Regulations needed to check on market manipulations
The implication of this is that it is always possible to fool, exploit, direct, herd and manipulate people. When applied to the share market, some elite group can profit from the ignorance and the mediocrity of the rest.
This would have been at the back of the mind of the US authorities when they proceeded to put the Sri Lankan-born fund manager Raj Rajaratnam behind bars for 11 years as a warning to those who might think of setting themselves on an enterprise involving the manipulation of the share market.
The reasoning behind taking tough action on market manipulation is to restore law and order and rule of law in the market so that all market participants could play the game according to the set rules that are meant for preventing self-serving participants from harming each other. If a market is infested by manipulators and such infestation is tolerated, it loses its credibility and ability to prosper.

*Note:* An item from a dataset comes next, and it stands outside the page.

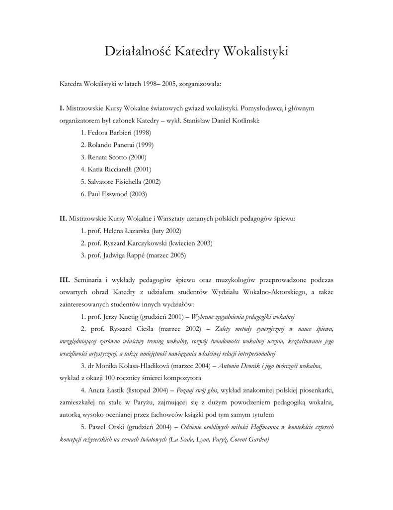 Działalność Katedry Wokalistyki Katedra Wokalistyki w latach 1998– 2005, zorganizowała: I. Mistrzowskie Kursy Wokalne światowych gwiazd wokalistyki. Pomysłodawcą i głównym organizatorem był członek Katedry – wykł. Stanisław Daniel Kotlinski: 1. Fedora Barbieri (1998) 2. Rolando Panerai (1999) 3. Renata Scotto (2000) 4. Katia Ricciarelli (2001) 5. Salvatore Fisichella (2002) 6. Paul Esswood (2003) II. Mistrzowskie Kursy Wokalne i Warsztaty uznanych polskich pedagogów śpiewu: 1. prof. Helena Łazarska (luty 2002) 2. prof. Ryszard Karczykowski (kwiecien 2003) 3. prof. Jadwiga Rappé (marzec 2005) III. Seminaria i wykłady pedagogów śpiewu oraz muzykologów przeprowadzone podczas otwartych obrad Katedry z udziałem studentów Wydziału Wokalno-Aktorskiego, a także zainteresowanych studentów innych wydziałów: 1. prof. Jerzy Knetig (grudzień 2001) – Wybrane zagadnienia pedagogiki wokalnej 2. prof. Ryszard Cieśla (marzec 2002) – Zalety metody synergicznej w nauce śpiewu, uwzględniającej zarówno właściwy trening wokalny, rozwój świadomości wokalnej ucznia, kształtowanie jego wrażliwości artystycznej, a także umiejętność nawiązania właściwej relacji interpersonalnej 3. dr Monika Kolasa-Hladiková (marzec 2004) – Antonin Dvorák i jego twórczość wokalna, wykład z okazji 100 rocznicy śmierci kompozytora 4. Aneta Łastik (listopad 2004) – Poznaj swój głos, wykład znakomitej polskiej piosenkarki, zamieszkałej na stałe w Paryżu, zajmującej się z dużym powodzeniem pedagogiką wokalną, autorką wysoko ocenianej przez fachowców książki pod tym samym tytułem 5. Paweł Orski (grudzień 2004) – Odcienie osobliwych miłości Hoffmanna w kontekście czterech koncepcji reżyserskich na scenach światowych (La Scala, Lyon, Paryż, Covent Garden) 6. Michał Sikora (październik 2005) - Rosyjska liryka wokalna w dokonaniach artystycznych Galiny Wiszniewskiej IV. Występy studentów w Sali Mieszczańskiej Ratusza Staromiejskiego w Gdańsku. Maja one na celu umożliwiane młodym śpiewakom cennych praktyk estradowych – nabieranie doświadczeń artystycznych, kontaktu z publicznością, opanowywanie tremy. Zorganizowano 103 koncerty, które zyskały sobie szerokie grono sympatyków i na stałe wpisały się w kalendarz życia muzycznego Gdańska. Organizacja koncertów zajmuje się z dużym powodzeniem pracownik katedry dr Aleksandra Kucharska-Szefler. V. Osiągnięcia naukowe pracowników Katedry. Członkowie Katedry są często zapraszani do recenzowania i promowania przewodów doktorskich a także recenzowania przewodów habilitacyjnych i oceny dorobku pedagogicznoartystycznego w postępowaniach o nadanie tytułu profesora sztuki muzycznej. W okresie 2000 – 2005 funkcje promotorów i recenzentów sprawowali: prof. Brygida Skiba - 3 promocje przewodów doktorskich - 5 recenzji przewodów kwalifikacyjnych I stopnia - 1 recenzja przewodu kwalifikacyjnego II stopnia - 2 recenzje w postępowaniu o nadanie tytułu naukowego profesora sztuki muzycznej prof. Piotr Kusiewicz - 3 promocje przewodów kwalifikacyjnych I stopnia - 3 promocje przewodów doktorskich - 2 recenzje przewodów kwalifikacyjnych I stopnia - 1 przewód doktorski - 7 recenzji przewodów kwalifikacyjnych II stopnia - 9 recenzji przewodów habilitacyjnych - 4 recenzje w postępowaniu o nadanie tytułu naukowego profesora sztuki muzycznej - 5 ekspertyz habilitacji dokonanych na zlecenie Centralnej Komisji ds. Przewodów i Stopni Naukowych Ponadto prof. Piotr Kusiewicz bierze udział w pracach Państwowej Komisji Akredytacyjnej. prof. Ryszard Minkiewicz - 2 promocja przewodu kwalifikacyjnego I stopnia - 1 recenzja przewodu kwalifikacyjnego I stopnia - 1 recenzja przewodu doktorskiego - 1 recenzja przewodu habilitacyjnego VI. Kursy mistrzowskie, wydawnictwa naukowe: Kierownik Katedry, prof. Piotr Kusiewicz był zaproszony do poprowadzenia warsztatów wokalnych w Szkole Muzycznej II stopnia w Zamościu (grudzień 2001). W lutym 2003 prowadził kurs dla śpiewaków podczas XXI Zimowego Kursu Wokalnego w Dusznikach Zdroju. Na Wydziałach Wokalno-Aktorskich Akademii Muzycznych w Poznaniu (luty – marzec 2005) i w Łodzi (październik, grudzień 2005) prowadził kurs interpretacji wokalnej muzyki barokowej. Prof. Bożena Harasimowicz prowadziła kurs wokalny w Tallinie (sierpień 2005). Od 2002 roku wykł. Stanisław Daniel Kotlinski jest organizatorem i dyrektorem artystycznym corocznych Międzynarodowych Mistrzowskich Kursów Wokalnych Fondazione Romualdo Del Bianco we Florencji, we współpracy z Państwowym Konserwatorium Muzycznym im. L. Cherubiniego. Kursy prowadzą wybitni artyści i pedagodzy jak Rolando Panerai i Paul Esswood. Publikacje Artykuły w pismach muzycznych: Prof. Piotr Kusiewicz: Pierwsza rocznica pożegnania Maestry koloratury – Halina Mickiewiczówna, Król Roger zdobył japońską publiczność, Poradnik Muzyczny, numer 2, 2002 Prof. Piotr Kusiewicz: Urszula Mitrega – fenomen czasu minionego, Muzyka 21, nr 12, grudzień 2004 Praca w zeszytach naukowych: Prof. Piotr Kusiewicz: Istota właściwego pojmowania znaczenia arii da capo w muzycznym wykształceniu śpiewaka - Praca Zbiorowa Nr 19 IMPROWIZACJA W MUZYCE BAROKU, Akademia Muzyczna im. Feliksa Nowowiejskiego w Bydgoszczy, 2005 VII. Jury konkursów wokalnych: Prof. Piotr Kusiewicz był członkiem jury: 1. Konkursu Polskiej Pieśni Artystycznej w Warszawie /2001/ 2. Międzynarodowego Konkursu Wokalnego im. Ady Sari w Nowym Sączu /2003/ 3. III Konkursu Wokalnego im. Karola Kurpińskiego we Włoszakowicach /2002, 2005/ Wykł. Stanisław Daniel Kotliński był członkiem jury: 1. Hariclea Darclée International Vocal Competition – Braila, Rumunia (2001, 2003, 2005) 2. Mondial Chinese International Voice Competition – Taipei, Taiwan (2003) 3. II i III Międzynarodowego Konkursu Wokalnego Giovanni Martinelli - Aureliano Pertile – Montagnana Padova, Italia (2004, 2005) 4. XXXV i XXXVI Międzynarodowego K

Further, as Gresham’s Law would have reminded the US authorities, bad market participants would have driven out the good market participants thereby making it a market of only thieves.
Kautilya’s counsel to his king in a similar situation was that ‘they should be prevented from harassing people’. The private sector friendly Adam Smith put it in a milder form when he said that their cries ‘ought always to be listened with great precaution and ought never to be adopted’.